*What is being asked*
The job is to output each record exactly as it stands, pictures excluded.

Stored data entries:
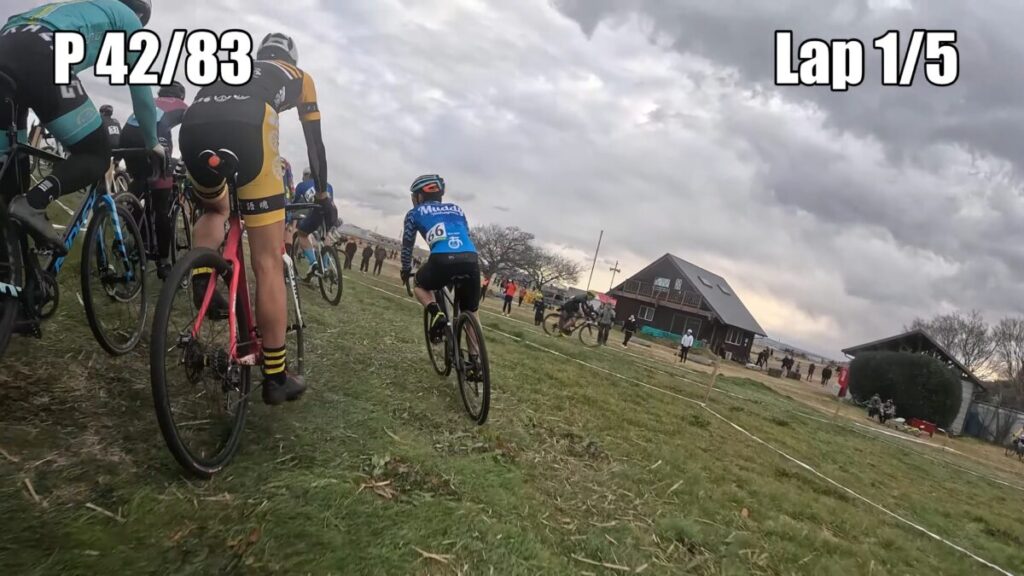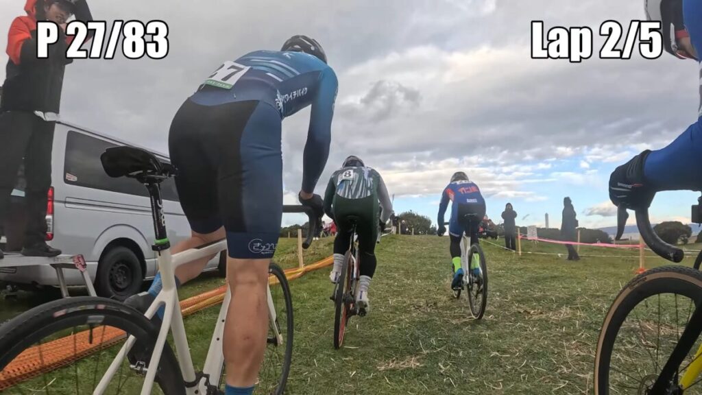 今回の関クロはフィジカルがモノを言うハイスピードコースってことで、順位を取る選手が違うっぽい。1周目から、どんどん若いゼッケン番号の選手が落ちてくる。対して、前に上がっていくのは、自分含めて番号が大きい選手。関クロは毎戦、特性が違って本当に楽しい。(砂コースは2つもいらないけど!)
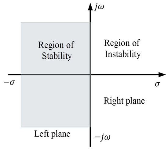 where is the real part that represents damping, and is the imaginary part that yields the oscillation frequencies of the eigenvalues. Complex conjugate eigenvalues are used to analyze the behavior of the oscillations, and a negative real part results in decreased oscillation, whereas a positive real part results in increased oscillation. In this study, an eigenvalue objective function was defined to damp the electromechanical modes (EMs) and improve damping in the power grid system by moving the eigenvalues to the region of stability (left plane of the complex S-plane). This oscillation behavior is expressed on the complex S-plane, as shown in Figure 14.
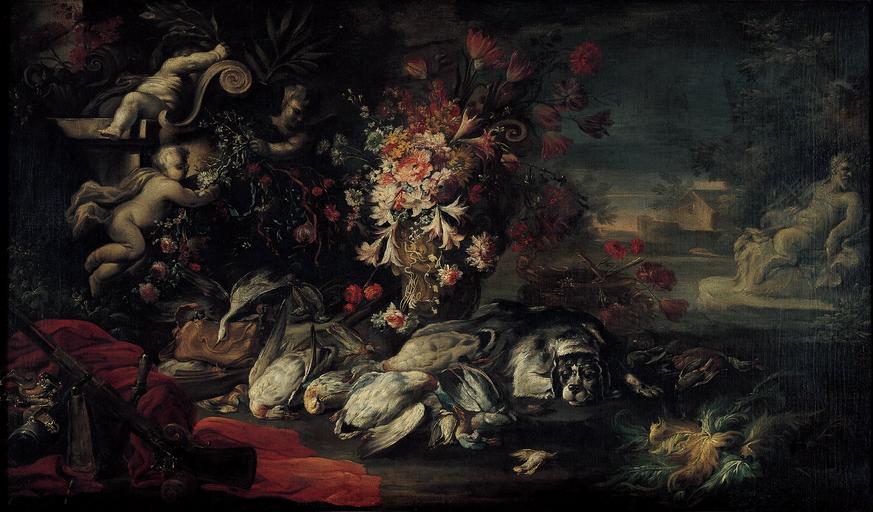 Keywords: Jean Baptiste Oudry - Death nature with shooting gear and flowers II - Google Art Project.jpg 1686 Paris 1686 1755 Beauvais 1755 Male 424053 French 1686 - 1755 /collection/fundacion-banco-santander/artwork/death-nature-with-shooting-gear-and-flowers-ii-jean-baptiste-oudry/412223/ Jean Baptiste Oudry Painter /artist/jean-baptiste-oudry/4126147/ 4126147 /collection/fundacion-banco-santander/ Fundación Banco Santander 351009 http //www fundacionbancosantander com/ 11/28/2011 3 56 42 PM /collection/fundacion-banco-santander/artwork/death-nature-with-shooting-gear-and-flowers-ii-jean-baptiste-oudry/412223/ 1715 1715 Oil on canvas 730 412223 False 1715 Complete 3/24/2012 12 52 45 AM 245 http //www fundacionbancosantander com/coleccion/ /obra/245 http //www fundacionbancosantander com/ Fundación Banco Santander Fundación Banco Santander Painting 1710 1720 City Madrid Spain Exhibition w1230 x h730 mm 1715 False 1 70666666666667 www fundacionbancosantander com Object death-nature-with-shooting-gear-and-flowers-ii-jean-baptiste-oudry Death nature with shooting gear and flowers II d 1230 Signed on the vase stand J B Oudry 1715 Oil on canvas special url_id VgE4X0BCZPNLfw PD-old-100-1923 1755 Google Art Project works by Jean-Baptiste Oudry Still-life paintings by Jean-Baptiste Oudry 1715 paintings Colección Fundación Banco Santander Basset hounds in art 18th-century allegorical paintings 1710s still life paintings
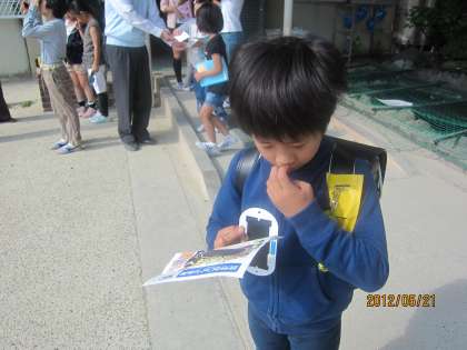 今日は,朝早くから起きて金環日食日食を見た児童がほとんどでした。木漏れ日で見た日食のきれいさにも驚きました。何だか興奮気味の児童が多かったようです。
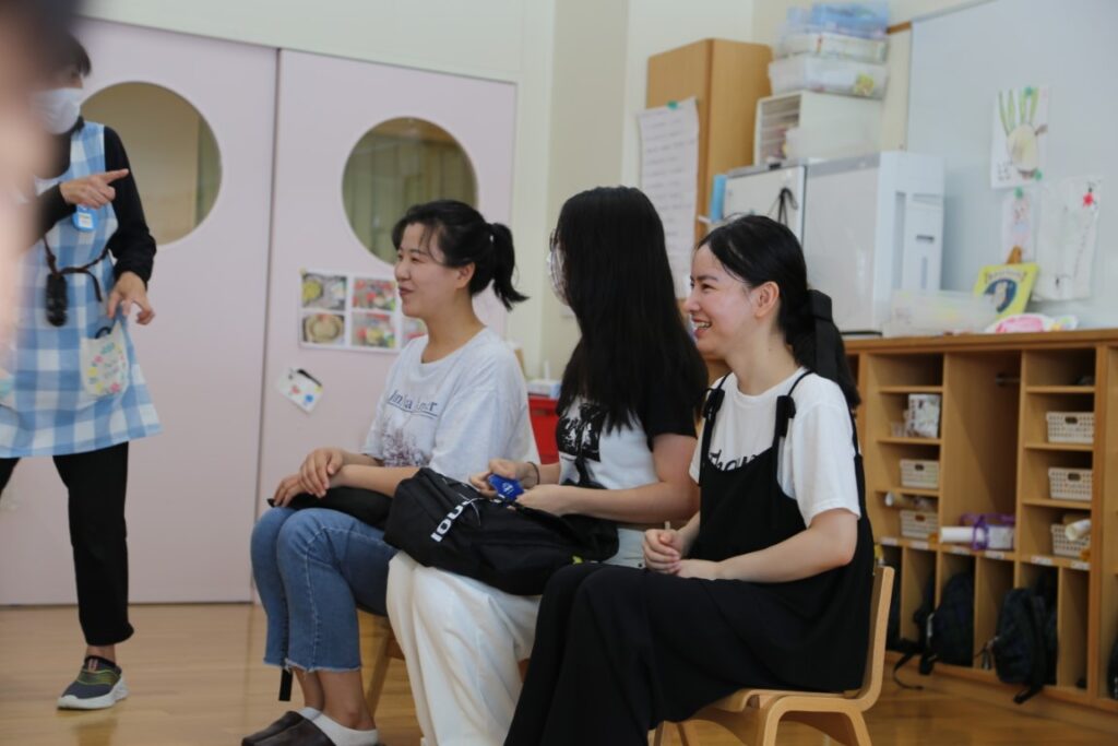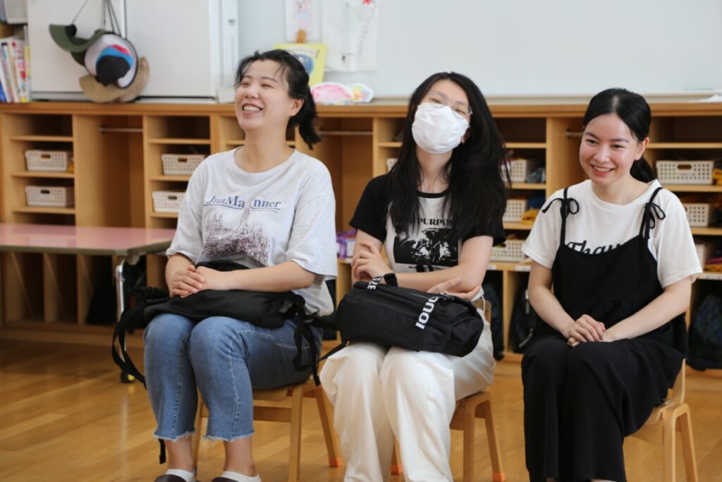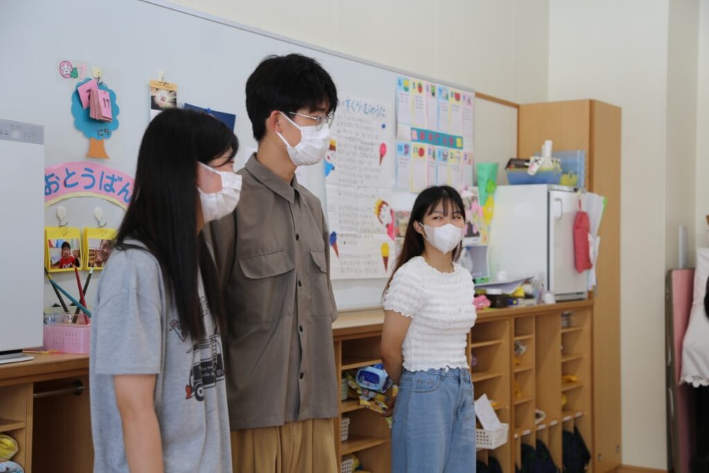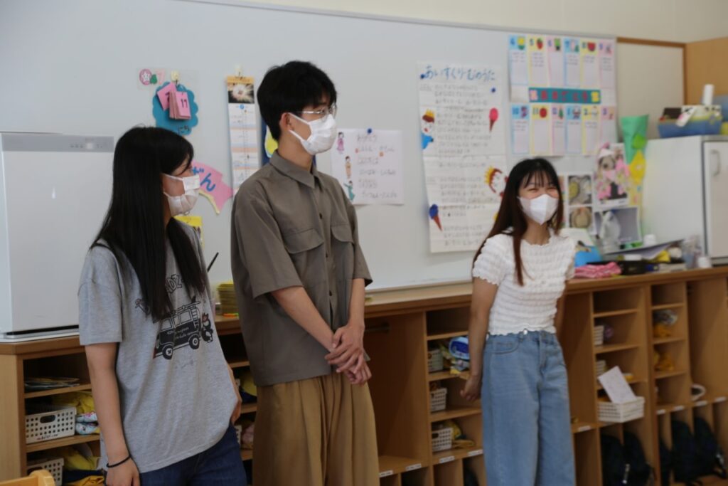 「今から、学生さんが、みんなの背中に形を描くよ」

*Written solution*
 今回の関クロはフィジカルがモノを言うハイスピードコースってことで、順位を取る選手が違うっぽい。1周目から、どんどん若いゼッケン番号の選手が落ちてくる。対して、前に上がっていくのは、自分含めて番号が大きい選手。関クロは毎戦、特性が違って本当に楽しい。(砂コースは2つもいらないけど!)
 where is the real part that represents damping, and is the imaginary part that yields the oscillation frequencies of the eigenvalues. Complex conjugate eigenvalues are used to analyze the behavior of the oscillations, and a negative real part results in decreased oscillation, whereas a positive real part results in increased oscillation. In this study, an eigenvalue objective function was defined to damp the electromechanical modes (EMs) and improve damping in the power grid system by moving the eigenvalues to the region of stability (left plane of the complex S-plane). This oscillation behavior is expressed on the complex S-plane, as shown in Figure 14.
 Keywords: Jean Baptiste Oudry - Death nature with shooting gear and flowers II - Google Art Project.jpg 1686 Paris 1686 1755 Beauvais 1755 Male 424053 French 1686 - 1755 /collection/fundacion-banco-santander/artwork/death-nature-with-shooting-gear-and-flowers-ii-jean-baptiste-oudry/412223/ Jean Baptiste Oudry Painter /artist/jean-baptiste-oudry/4126147/ 4126147 /collection/fundacion-banco-santander/ Fundación Banco Santander 351009 http //www fundacionbancosantander com/ 11/28/2011 3 56 42 PM /collection/fundacion-banco-santander/artwork/death-nature-with-shooting-gear-and-flowers-ii-jean-baptiste-oudry/412223/ 1715 1715 Oil on canvas 730 412223 False 1715 Complete 3/24/2012 12 52 45 AM 245 http //www fundacionbancosantander com/coleccion/ /obra/245 http //www fundacionbancosantander com/ Fundación Banco Santander Fundación Banco Santander Painting 1710 1720 City Madrid Spain Exhibition w1230 x h730 mm 1715 False 1 70666666666667 www fundacionbancosantander com Object death-nature-with-shooting-gear-and-flowers-ii-jean-baptiste-oudry Death nature with shooting gear and flowers II d 1230 Signed on the vase stand J B Oudry 1715 Oil on canvas special url_id VgE4X0BCZPNLfw PD-old-100-1923 1755 Google Art Project works by Jean-Baptiste Oudry Still-life paintings by Jean-Baptiste Oudry 1715 paintings Colección Fundación Banco Santander Basset hounds in art 18th-century allegorical paintings 1710s still life paintings
 今日は,朝早くから起きて金環日食日食を見た児童がほとんどでした。木漏れ日で見た日食のきれいさにも驚きました。何だか興奮気味の児童が多かったようです。
 「今から、学生さんが、みんなの背中に形を描くよ」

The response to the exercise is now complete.